### [Data supplied]
=====

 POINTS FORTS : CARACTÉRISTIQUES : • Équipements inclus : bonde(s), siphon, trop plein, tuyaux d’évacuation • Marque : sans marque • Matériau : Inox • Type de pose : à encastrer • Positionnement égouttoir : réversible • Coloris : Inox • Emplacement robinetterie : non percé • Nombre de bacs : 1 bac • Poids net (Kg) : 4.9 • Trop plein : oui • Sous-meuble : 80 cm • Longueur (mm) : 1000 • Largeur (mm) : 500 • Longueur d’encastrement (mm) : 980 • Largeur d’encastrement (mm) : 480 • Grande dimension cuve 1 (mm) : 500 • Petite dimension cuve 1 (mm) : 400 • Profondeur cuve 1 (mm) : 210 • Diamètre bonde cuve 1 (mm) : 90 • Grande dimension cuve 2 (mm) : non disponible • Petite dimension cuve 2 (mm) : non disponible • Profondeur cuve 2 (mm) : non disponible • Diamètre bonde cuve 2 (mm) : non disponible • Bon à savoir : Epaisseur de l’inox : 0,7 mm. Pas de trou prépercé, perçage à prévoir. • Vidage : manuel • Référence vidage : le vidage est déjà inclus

=====

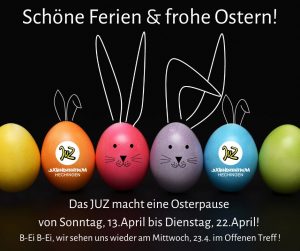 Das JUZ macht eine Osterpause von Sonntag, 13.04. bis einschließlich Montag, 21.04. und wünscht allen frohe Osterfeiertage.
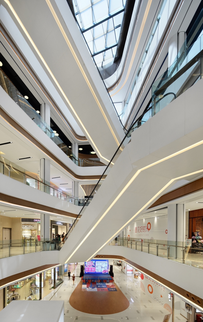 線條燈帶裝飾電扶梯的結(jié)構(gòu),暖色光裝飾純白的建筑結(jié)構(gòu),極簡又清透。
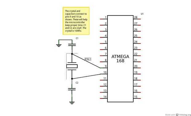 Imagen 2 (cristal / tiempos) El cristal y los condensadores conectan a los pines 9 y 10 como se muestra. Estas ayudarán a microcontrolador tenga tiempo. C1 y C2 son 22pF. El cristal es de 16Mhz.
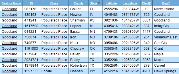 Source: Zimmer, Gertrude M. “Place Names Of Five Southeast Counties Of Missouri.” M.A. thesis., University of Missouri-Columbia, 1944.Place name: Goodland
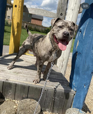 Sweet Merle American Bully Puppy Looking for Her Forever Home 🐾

=====

### [What the exercise asks]
Once the line with "Source: Zimmer, Gertrude" is found above, transcribe each line from it through the line with "Sweet Merle American", exactly, and omit the pictures.

### [Result of the task]
 Source: Zimmer, Gertrude M. “Place Names Of Five Southeast Counties Of Missouri.” M.A. thesis., University of Missouri-Columbia, 1944.Place name: Goodland
 Sweet Merle American Bully Puppy Looking for Her Forever Home 🐾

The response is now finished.